Now plot the error of arroximation:

plot_SVD_approx(X)
../../_images/b812b7a86551db939013809b0be7f72f0f0b5191ed77f6391ac5d9b5873cf147.svg

Exercises#

  1. Show that \(\Vert \boldsymbol A \Vert_F^2 = \sum\limits_{i = 1}^r \sigma_i^2\).

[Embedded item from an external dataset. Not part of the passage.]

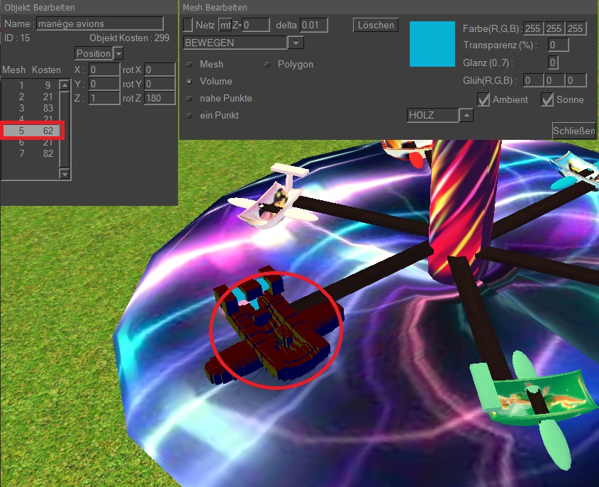 Ein Skript kann die Eigenschaften eines Meshes über seine Nummer ändern: Position, Drehung, Farbe, Transparenz, Licht, usw.

  2. Find SVD of a one-rank matrix \(\boldsymbol A = \boldsymbol{uv}^\mathsf{T}\), \(\boldsymbol u \in \mathbb R^m\), \(\boldsymbol v \in \mathbb R^n\).

  3. Prove that \(\boldsymbol u_i\) are eigenvectors of \(\boldsymbol {AA}^\mathsf{T}\).

  4. Explain why \(\mathrm{span}(\boldsymbol v_1, \ldots, \boldsymbol v_r) = C(\boldsymbol A^\mathsf{T})\).

  5. Find SVD of matrices

    \[\begin{split} \begin{pmatrix} 3 & 0 \\ 4 & 5 \end{pmatrix}, \quad \begin{pmatrix} 0 & 1 & 0 & 0 \\ 0 & 0 & 2 & 0 \\ 0 & 0 & 0 & 3 \\ 0 & 0 & 0 & 0 \\ \end{pmatrix}, \quad \begin{pmatrix} 1 & 1 & 0 \\ 0 & 1 & 1 \end{pmatrix}. \end{split}\]
  6. Show that \(\Vert \boldsymbol A - \hat{\boldsymbol A}_K\Vert_F^2 = \sum\limits_{i=K+1}^r \sigma_i^2\).